Poudel Ranjita, Yang Min-Jeong, Dougan Skye O, Yates Helen, Brown Bradley, Washington Sierra, Satardekar Aarya P, Haver Mary Katherine, Vinci Christine
Department of Health Outcomes and Behavior, Moffitt Cancer Center, Tampa, Florida, United States of America.
Institute for Nicotine and Tobacco Studies, Rutgers Biomedical and Health Sciences (Rutgers Health), Rutgers, The State University of New Jersey, New Brunswick, New Jersey, United States of America.
PLoS One. 2025 Aug 18;20(8):e0330323. doi: 10.1371/journal.pone.0330323. eCollection 2025.
Caregivers of Hematopoietic Stem Cell Transplant (HSCT) recipients bear significant responsibilities involving commitment to be available 24/7, up to at least 100 days post-transplant or longer, and to provide emotional and physical support to the recipient. This extended caregiving, along with managing all other household responsibilities, can result in an increased caregiver burden, which is associated with reduced quality of life (QoL) and compromised psychological, and physical well-being. In recent years, there has been increased attention to interventions addressing the mental health outcomes of caregivers of HSCT patients. However, there remains a limited understanding of the feasibility and effectiveness of existing interventions targeted to this population. This review aims to systematically evaluate existing psychological interventions for caregivers of HSCT patients and report on: 1) the feasibility and acceptability of these interventions, and 2) the efficacy of these interventions on caregivers' psychological outcomes. A systematic literature search for studies evaluating psychological interventions targeted to caregivers of HSCT patients was conducted in English through the following databases: Ovid MEDLINE (Wolters Kluwer), Embase (Elsevier), CINAHL Complete (EBSCO), APA PsycArticles (EBSCO), APA PsycInfo (EBSCO).
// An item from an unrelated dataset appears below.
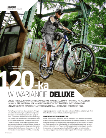 solotest Kona One20 Deluxe Tekst: Borys Aleksy, Zdjęcia: michał kuczyński w wariancie Deluxe One20 to kolejny rower o skoku 120 mm, jaki testujemy w tym roku na naszych łamach. Sprawdzamy, jak kanadyjski producent podszedł do zagadnienia uniwersalnego roweru z kategorii zwanej all mountain sport lub trail Ramę Kony wykonano ze stopu scandium. Priorytetem jej konstruktorów było uzyskanie niskiej masy, One20 jest bowiem zaszeregowany jako sprzęt do trailu. Zawieszenie ma jednozawiasową konstrukcję – oś tylnego koła porusza się tu po fragmencie okręgu. To typowe rozwiązanie stosowane przez Konę. Charakterystyczny, długi rocker wprowadza duże przełożenie między ruchem koła i tłoka w dumperze. Wartość skoku zawieszenia tylnego jest nieznacznie większa niż widelca i wynosi niecałe 130 mm. Za tłumienie odpowiada skuteczny Fox RP2, nawet w tej 40 7/2010 najprostszej wersji ze wszech miar godny polecenia. Widelec jest solidny, to RockShox Recon w wersji z blokadą uruchamianą pokrętłem. Kontrowersyjna geometria Rower ma „przyjazną” geometrię. Mocno gięta górna rura zapewnia odpowiedni przekrok. Rama zachowuje proporcje podobne do typowego roweru XC, jest od niego jednak nieco krótsza. Najbardziej charakterystyczne są kąty główki i podsiodłowy. Choć na papierze kąt główki wydaje się mieć odpowiednią wartość, w rzeczywistości jest zbyt stromy. Przyzwyczailiśmy się do stabilniej jeżdżących rowerów, to przydatne, zwłaszcza przy dużej prędkości. Stromy jest też kąt podsiodłowy, przesuwający środek ciężkości nad oś suportu. W kombinacji z jarzmem sio- solotest Kona One20 Deluxe Charakterystyczny dla Kony fragment zawieszenia, tzw. „rocker”, do którego jest mocowany tłumik od góry dła, pozbawionym offsetu oraz charakterystycznym kształtem siodła WTB, daje to efekt bardzo „krótkiej”, przesuniętej na przód pozycji ciała. Testerzy odbierali to jako wadę One20. Niekorzystny efekt powinien zniknąć po zastosowaniu wspornika z mocniejszym odchyleniem do tyłu. Wyposażenie skromne Najbardziej kontrowersyjny element całego wyposażenia to sztyca podsiodłowa z jarzemkiem na wprost rury. Wolelibyśmy cofnięte Kupując Konę One20, płacimy przede wszystkim za ramę wykonaną z rzadkiego stopu. To jedyna konkluzja, do jakiej można dojść, odnotowawszy obecność napędu Deore i tanich hamulców. Najlepiej bronią się w tym zestawieniu koła Mavic Crossride z oponami Kendy, chociaż to też model budżetowy. Kręcimy nosem bez skrępowania, bo, przypomnijmy, Kona kosztuje 8499 złotych. Ładne są komponenty własne producenta, ale one ani nie podnoszą wartości roweru, ani nie obniżają masy. Całość waży 14 kg, a to całkiem sporo. Efektownie asymetryczny wahacz obniżono z prawej strony, by zapobiec uderzaniu przez łańcuch o ten fragment ramy ułatwiają podjeżdżanie, dzięki nim Kona odróżnia się od rowerów nastawionych wyłącznie na zjeżdżanie. Rama jest krótka, ciasno zakręca i łatwo wchodzi na koło, oczekiwalibyśmy za to większej stabilności w zakrętach i podczas szybkiej jazdy w dół. Pomóc mógłby widelec z większym skokiem. Wyposażenie jest bardzo podstawowe, a to rzutuje na wskazania wagi. n Skuteczne zawieszenie Kona jest znana z pięknie działających systemów zawieszenia, model One20 nie jest wyjątkiem. Rama ugina się z liniowo narastającym oporem, ruch jest dość mocno stłumiony nawet przy całkowitym odkręceniu pokrętła tłumienia na Fox’ie. Po odsunięciu siodła maksymalnie do tyłu uzyskaliśmy niezłe rozłożenie ciężaru na oba koła i wzajemnie dopasowaną pracę przedniego i tylnego zawieszenia. Amortyzator przedni wyraźnie jednak odbiega charakterem od pluszowo uginającej się ramy. Znów zachciało nam się czegoś dłuższego i liniowo uginającego, na myśl przychodził nam np. Manitou Minute. Kona wymusza krótką pozycję za kierownicą za sprawą „pionowego” ustawienia rury podsiodłowej Wyposażenie Zawieszenie, pochłaniające różnorodne nierówności, jest ważną zaletą Kony One20. Strome kąty ramy Cena: Rama ❘ zawieszenie: Widelec ❘ tłumik: Napęd: Hamulce: Koła ❘ Opony: Osprzęt: Masa: Rozmiary: 14/16/17/[18]/19/20/22’’ 8499 zł scandium, cieniowana ❘ jednozawiasowe, 127 mm RockShox Recon SL Solo Air, blokowany, 120 mm ❘ Fox Float RP2 manetki i przerzutki Shimano Deore M590 ❘ korba Shimano SLX M660, 44-32-22 z. ❘ kaseta SRAM PG970, 11-32 z., 9 b. ❘ łańcuch SRAM PC-971 Shimano M575, tarcze 160/180 mm Mavic Crossride ❘ Kenda Komodo 26x2.1’’ mostek Kona XC/BC ❘ kierownica Kona XC/BC, gięta, szerokość 620 mm ❘ sztyca Kona XC/BC; 31,8 mm ❘ siodło WTB Rocket V Comp ❘ stery TH zintegrowane ❘ pedały Shimano M540, zatrzaskowe 14 kg (bez pedałów) Dystrybutor: Kona Polska, tel. 22 837 18 06, konaworld.pl 120 mm 583 mm 74° 69° 425 mm 1109 mm 7/2010 41 solotest Author Era 3.0 Era all mountain Tekst: Borys Aleksy, Zdjęcia: Łukasz Szrubkowski Czy Author Era to rower do wszystkiego? Prawie. Oto jak ten trailowo-maratonowo-all mountainowy rower z Czech wypadł w naszym teście Era 3.0 to najwyższy model z tej serii rowerów marki Author. Ma 130 mm skoku, zawieszenie z Horst-linkiem i ciekawy zestaw osprzętu. Jako rower z natury uniwersalny łączy crosscountrową geometrię z niemałym skokiem i sztywną osią z przodu. Uniwersalny i zwrotny Era ma geometrię umożliwiającą sprawne podjeżdżanie. Wyciągnięta do przodu pozycja, dobre ułożenie ciała względem korb i równomiernie rozłożony nacisk na koła sprawiają, że można poczuć się na Erze jak na dobrym rowerze do maratonów MTB. Sterowanie przednim kołem wymaga pewnego trzymania kierownicy, bo rower szybko skręca i jest lekko nadsterowny. Na zjazdach z dużą prędkością zachowuje się jednak wy- 42 7/2010 starczająco przewidywalnie. Era łatwo poddaje się sygnałom wysyłanym przez całe ciało, ogólnie kontrola n
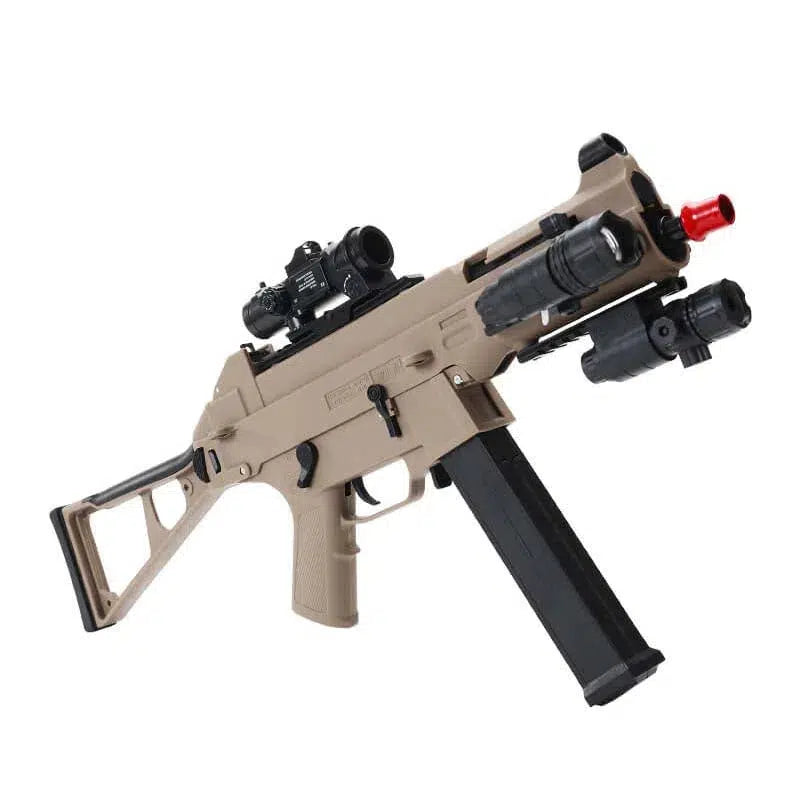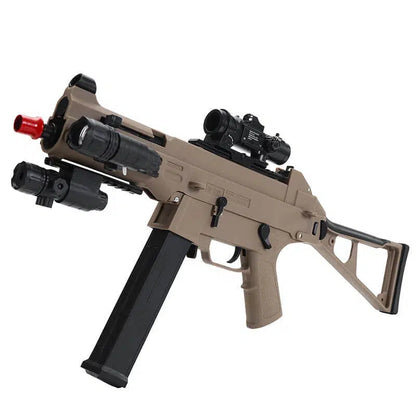 The UMP 45 Gel Ball Blaster in the colour tan has a variety of new features. This gel blaster is perfect for anyone just getting into the gel blaster sport. It has gen8 gearbox, a foldable stock, a scope, flashlight, laser and even has an alloy barrel.

Two reviewers will independently identify the studies, extract relevant data, and conduct quality and risk of bias assessments. Discrepancies in coding will be discussed between the two reviewers, and a third reviewer will resolve pending disagreements. Within the systematic review, all eligible studies will be summarized descriptively. If data allows, we will further utilize meta-analysis to quantitatively evaluate the efficacy of these psychological interventions tested in RCTs. The association between intervention type, modality, duration, and efficacy will be assessed via subgroup analysis. Ethics approval is not required as this study will only include secondary data from already published studies. The outcomes will be shared through scientific conferences and peer-reviewed publications. This protocol is registered in PROSPERO: CRD42024489695.
造血干细胞移植(HSCT)受者的照顾者承担着重大责任,包括承诺全天候随时待命,移植后至少100天或更长时间,为受者提供情感和身体支持。这种长期的照顾,再加上处理所有其他家庭责任,可能会导致照顾者负担加重,这与生活质量(QoL)下降以及心理和身体健康受损有关。近年来,针对HSCT患者照顾者心理健康结果的干预措施受到了越来越多的关注。然而,对于针对这一人群的现有干预措施的可行性和有效性,人们的了解仍然有限。本综述旨在系统评价针对HSCT患者照顾者的现有心理干预措施,并报告:1)这些干预措施的可行性和可接受性,以及2)这些干预措施对照顾者心理结果的疗效。通过以下英文数据库对评估针对HSCT患者照顾者的心理干预措施的研究进行了系统的文献检索:Ovid MEDLINE(Wolters Kluwer)、Embase(Elsevier)、CINAHL Complete(EBSCO)、APA PsycArticles(EBSCO)、APA PsycInfo(EBSCO)。两名评审员将独立识别研究、提取相关数据,并进行质量和偏倚风险评估。编码差异将在两名评审员之间进行讨论,第三名评审员将解决悬而未决的分歧。在系统评价中,将对所有符合条件的研究进行描述性总结。如果数据允许,我们将进一步利用荟萃分析对随机对照试验中测试的这些心理干预措施的疗效进行定量评估。将通过亚组分析评估干预类型、方式、持续时间和疗效之间的关联。由于本研究仅包括已发表研究的二手数据,因此无需伦理批准。研究结果将通过科学会议和同行评审出版物分享。本方案已在PROSPERO注册:CRD42024489695。